Pre-pandemic, footfalls were expanding at around 5 per cent per annum (CAGR) and ticket prices were hiked at around 4 per cent CAGR. Occupancy rates were at around 28-29 per cent prior to covid. Spend per head (apart from tickets) has increased to 98 (Aprl-Sep 2022) from 80 (2019-20) with tickets averaging 224.

Total revenues for Inox were at 1,915 crore in 2019-20, and after catastrophic losses in the covid-hit fiscals, first half revenues are now at 970 crore. PVR has first half revenues of 1,702 crore. In both cases, revenues are actually lower than in the first half of the last fiscal (FY 2021-22) and the companies claim this is due to Bollywood collections dropping in the absence of big hits.

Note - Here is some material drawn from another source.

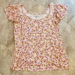 Look effortlessly stylish in this Torrid Super Soft Knit Floral Pink White V Neck Short Sleeve Top. The top boasts a beautiful floral pattern with flutter sleeves and a collarless design. It is made of Spandex and Rayon which makes it stretchable and breathable, perfect for all seasons.

Apart from bargaining power, the merged entity would have huge data on audience tastes and spending patterns. It can, in fact, hope to make accurate predictions as to the sort of movies that would generate more revenue.

This may lead to a scenario where it could influence the content generated by the movie industry, especially if it does move backwards into production. While it’s speculative to assume a merger will automatically lead to anti-competitive behaviour, these are long-term considerations which could alter the shape of content creation and the national mood and discourse, given cinema’s outsized influence in the Indian socio-political context. The NCLAT judgment could, one way or another, have serious repercussions.